Not sure whether to make this a separate thread, but I was wondering if anyone else is familiar with diagnosing a "hang" or a "freeze" - i.e. you can't move the mouse, the system just sits there and needs to be hard rebooted. /var/log/messages does not show anything. Am thinking of setting up a cron job to just write the time every minute to a file so as to be able to pinpoint the freeze to the nearest minute, maybe it's something zfs related in the crontab that is causing a hang every 4-6 days or so.

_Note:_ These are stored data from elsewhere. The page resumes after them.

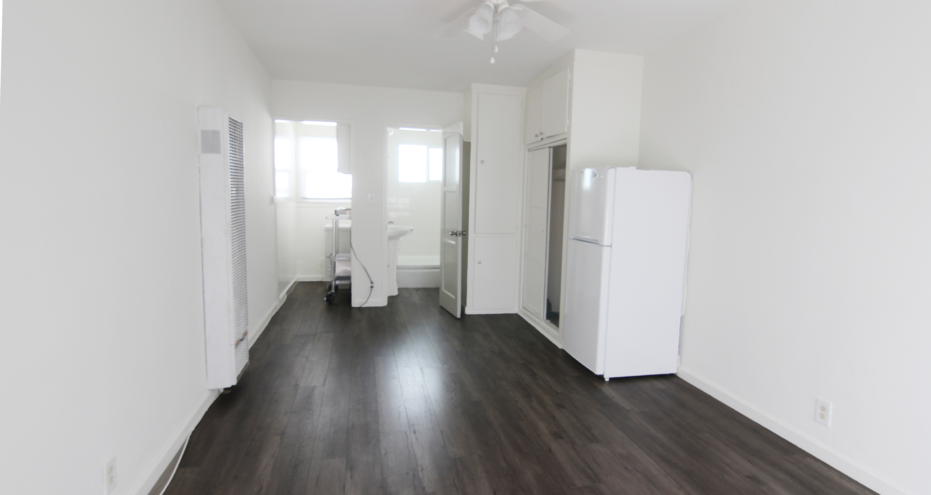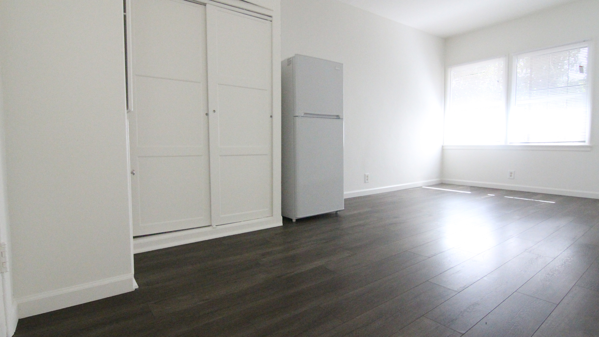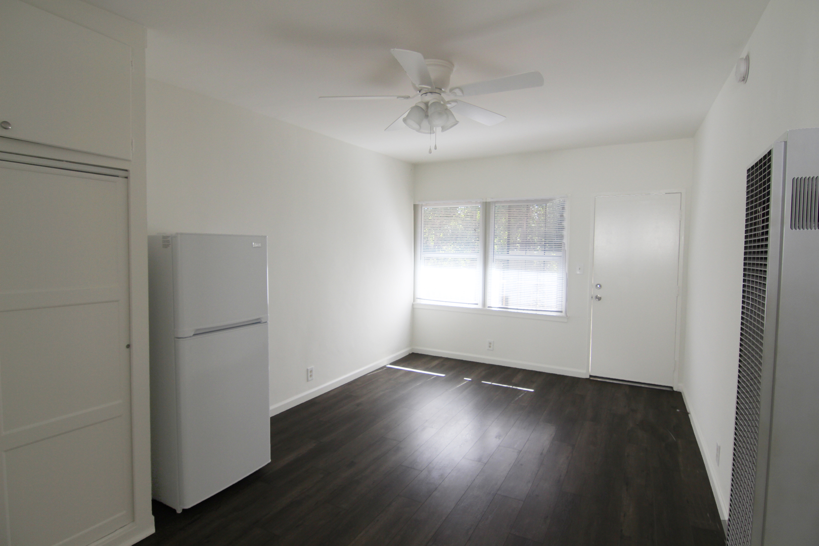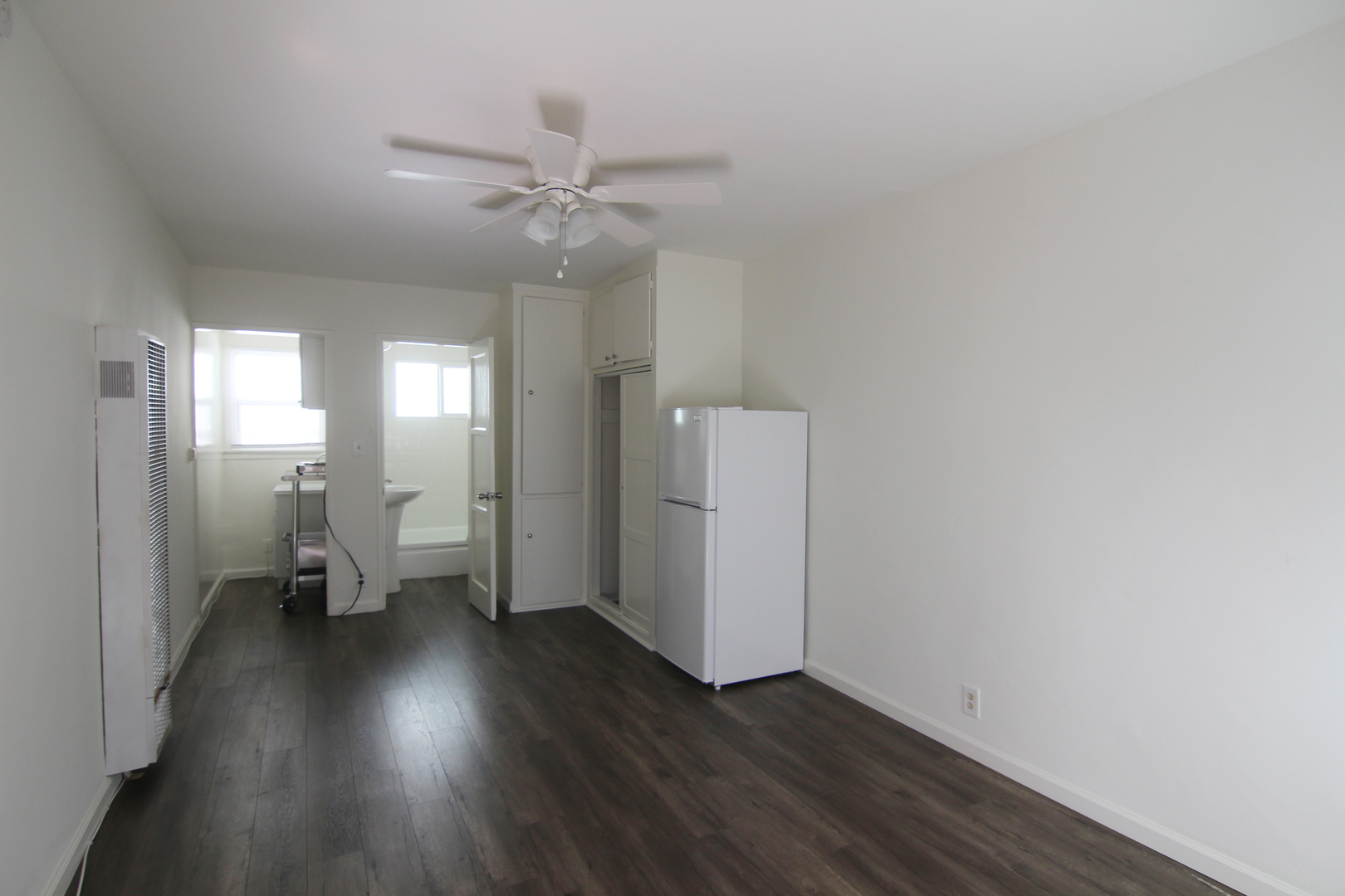 This unit has been recently updated with fresh paint, brand new faux-wood laminate flooring and new window treatments throughout. Included is a refrigerator and sink in a super-efficient half-kitchen. The kitchen area includes a hot plate. Additionally, the unit is furnished with a ceiling fan, new light fixtures and lots of built in storage space.
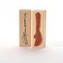 Für eine gute Handhabung der Stempel wird das Stempelgummi mit einer dämpfenden Schicht auf einen Griff geklebt. Dieser Griff besteht aus einem lackierten Buchenholzklötzchen, das das Motiv in original Größe zeigt.
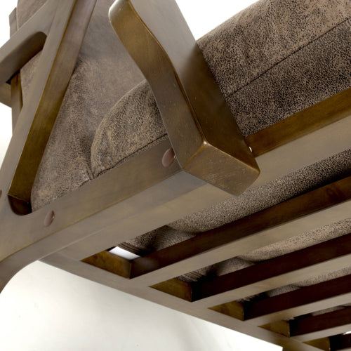This rustic style armchair effortlessly pairs a vintage feel with a distinctive modern angled frame. The soft, removable brown suede effect cushions provide excellent comfort, supported by a signature diagonal braced walnut rubberwood frame. A matching wooden angled slatted back completes the ultra stylish look. Assembly required. Sold individually.
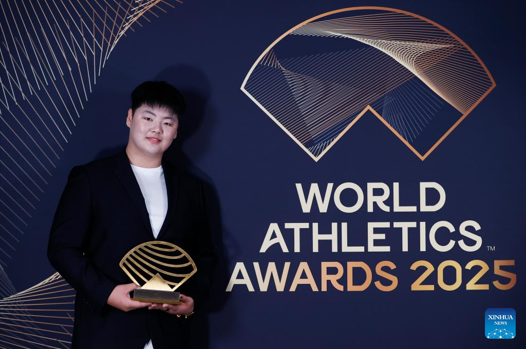 MONTE CARLO, 1 diciembre, 2025 (Xinhua) -- Imagen del 30 de noviembre de 2025 de la atleta de lanzamiento de martillo, Zhang Jiale, de China, posando con su premio de Estrella Ascendente Femenino durante los Premios Mundiales de Atletismo 2025, en Monte Carlo, Mónaco. (Xinhua/Gao Jing)
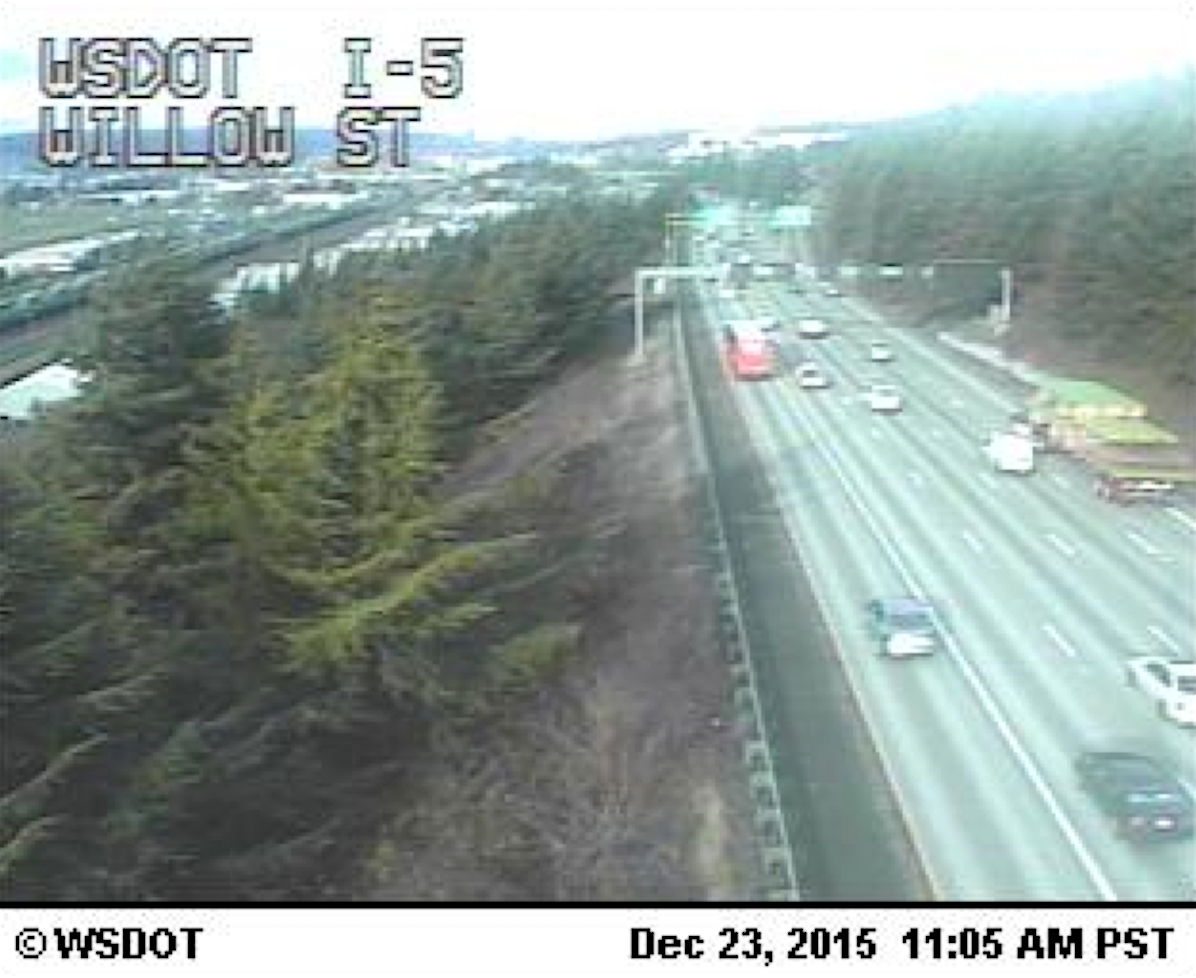 I got the bright idea to see if I could time the viewing of an I-5 traffic camera with the passing of the Bolt. After clicking camera after camera link, I was finally successful as the bus approached south Seattle. That orange blob in the left lane is the bus with Ella sitting somewhat comfortably inside. I say “somewhat” comfortably as she mentioned the passenger next to her spent most of the ride sleeping… and snoring.
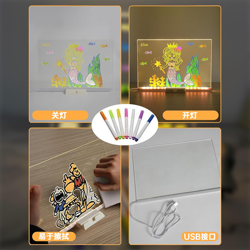 어린이 빛나는 드로잉 보드 브래킷 지울 수있는 diy 낙서 보드 led 빛나는 글쓰기 보드 메시지 드로잉 보드 이젤 6스토어 가기
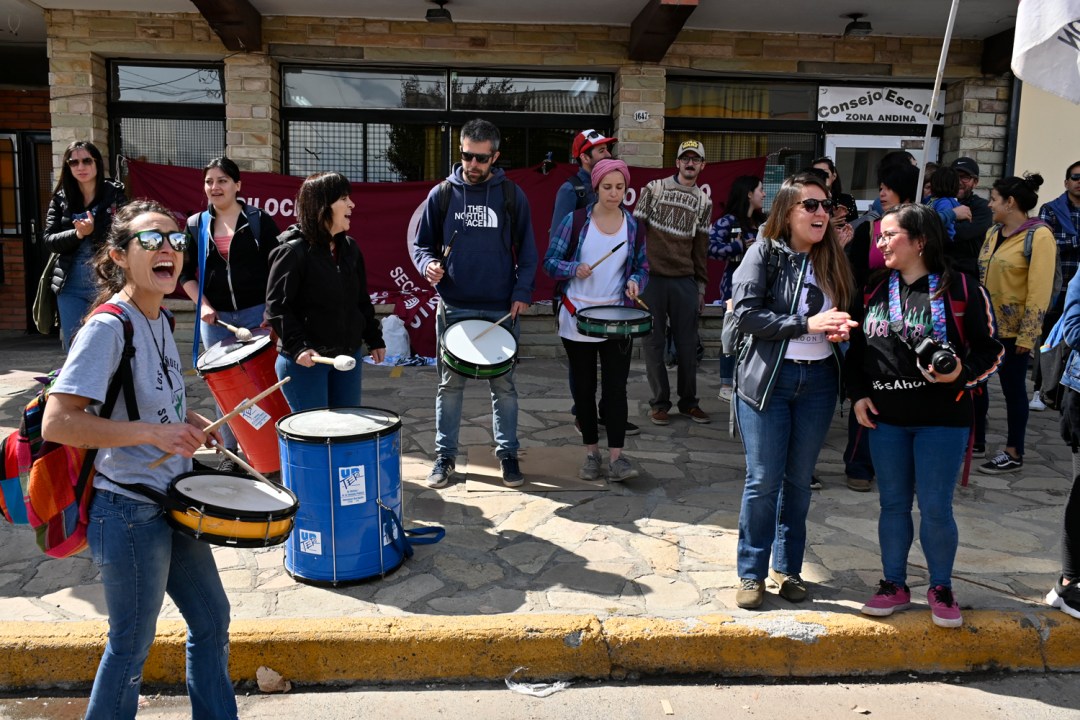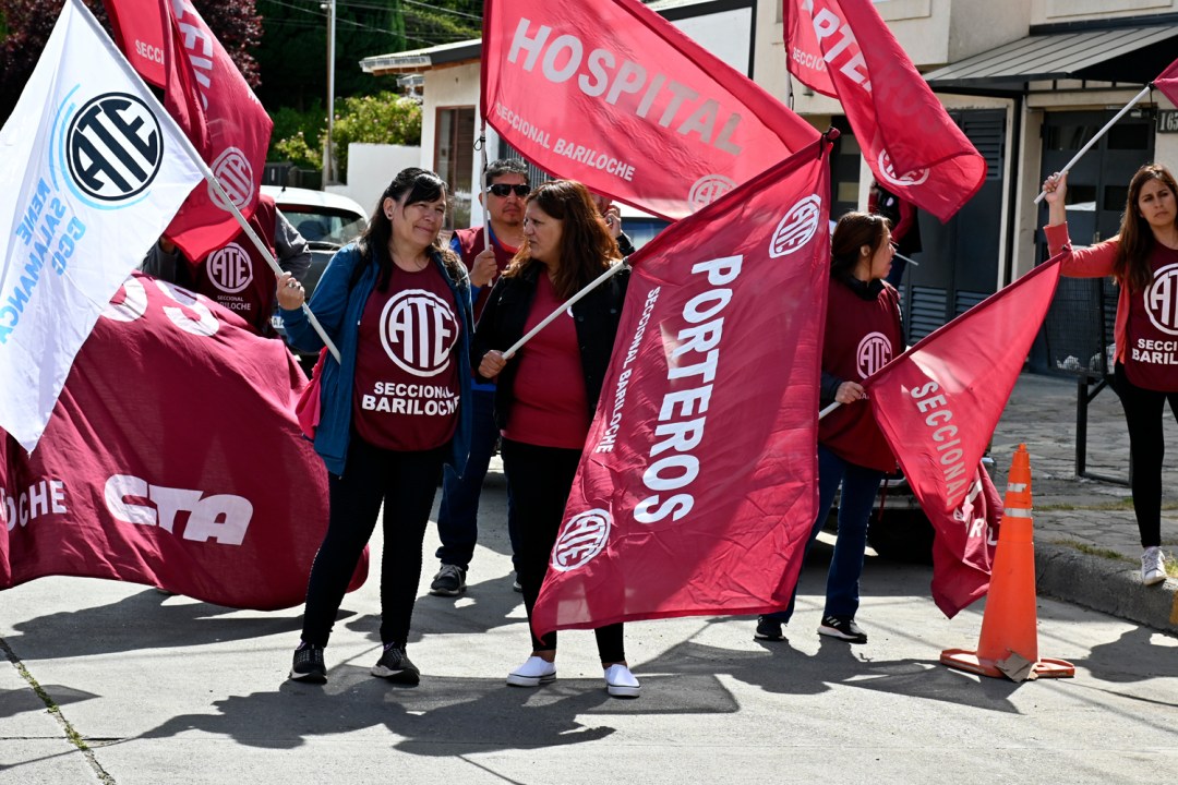 Los dos gremios estatales rionegrinos unieron fuerzas en la cordillera para llevar su reclamo por los descuentos y errores en liquidaciones al Consejo Escolar Zona Andina y posteriormente a la rotonda del Ñireco, donde confluyeron además con un reclamo de organizaciones de la economía popular por el plan Potenciar Trabaja.

Better solutions?

Edit: well, so far I've done the following:
`# crontab -e`

```
# For debugging of crashes/hangs/freezes
* * * * * date >> var/log/timelog
```


----------



## carlton_draught (May 20, 2010)

The timelog is coming in handy already. It hung this morning at 5:45am, which is unusual in that it normally crashes after 4-6 days and not after ~12 hours since a reboot. This is also unusual as I've set zfs-snapshot-mgmt to run every 10 minutes, and my rsync based transfer process to run every hour at 15 minutes past. So I can't pin this on ZFS as yet - nothing unusual happens at the 45 minute mark. 

I've just turned all compression where enabled to lzjb (from gzip), in case that is the problem. I guess we'll see what happens now.


----------



## carlton_draught (May 29, 2010)

Another crash after 4 days of uptime, 48 minutes past the hour. This time I had set all compression to lzjb, if at all. Looks like gzip compression is not a deal breaker. There is nothing in that particular time that is indicative of something in my crontab causing the problem - every 10 minutes I schedule zfs-snapshot-mgmt, and 15 minutes past the hour I transfer the contents of my SSD based zfs root mirror to my HDD based storage pool. Nothing IO intensive was being done either during that time.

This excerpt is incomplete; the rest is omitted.